Nonimmediate Restoration of Platelet Count--For patients who do not require an immediate increase in platelet count, the institution of antiretroviral therapy, if the patient is not yet on such therapy, may be warranted. Normalization and partial responses of platelet counts have been noted with the institution of zidovudine therapy [36,37].
Interferon-alfa (Intron A, Roferon-A) also has been shown to be efficacious in treating patients with HIV-associated immune thrombocytopenia in several small studies, although it may be more beneficial in patients with less advanced HIV disease [38-40]. Partial responses appear to be more common than complete normalization of platelet counts, and the drug is relatively well-tolerated at doses of 3 million units given subcutaneously three times a week.
Intravenous or intramuscular administration of anti-D immunoglobulin has been shown to benefit some Rh-positive patients who, preferably, have not had a splenectomy [41-43]. The presumed mechanism is Fc-receptor blockade by antibody-coated RBCs substituting for the antibody-coated platelets. Clinically significant hemolysis does not appear to complicate this approach .

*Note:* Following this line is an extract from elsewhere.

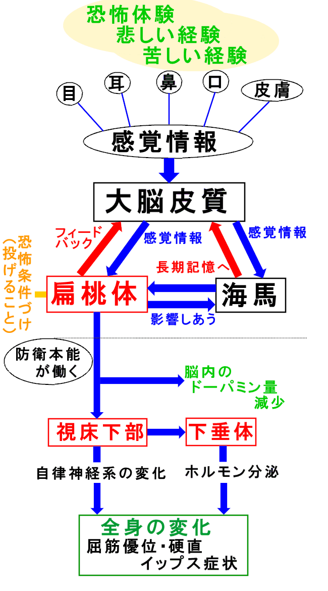 イップスは、いつ起きるのか?ある研究機関の実験を引用させて頂きます。恐怖条件づけ・すくみ(恐怖)反応の実験結果です。マウスに対してブザー音の後に電気ショックを行った。これを何度か繰り返すとマウスはブザー音が聞こえたら、すくみ(恐怖)反応を示すようになる。恐怖条件づけ・すくみ(恐怖)反応の強さは繰り返すたびに増加する。これは、ブザー音の後に電気ショックが来るということを予測し身構え防御態勢をとっていることの表れです。恐怖条件づけ・すくみ(恐怖)反応は魚類、マウス、人間といった多くの生物で認められる普遍的な現象のようです。

The nonandrogenizing testosterone danazol(Drug information on danazol) (Danocrine), initially thought to effectively reverse HIV-related thrombocytopenia, has not proved to be efficacious in large-scale clinical trials. Less widely accepted interventions include vincristine and plasmapheresis.
Observation--In the spectrum of HIV-infected individuals, patients with isolated thrombocytopenia associated with HIV infection are generally the most healthy. Clinical bleeding is minimal in these patients, responses to therapeutic interventions are variable, and spontaneous remissions do occur. Thus, a viable alternative is to simply observe the patient closely and institute no therapies directed at correcting the thrombocytopenia until necessary.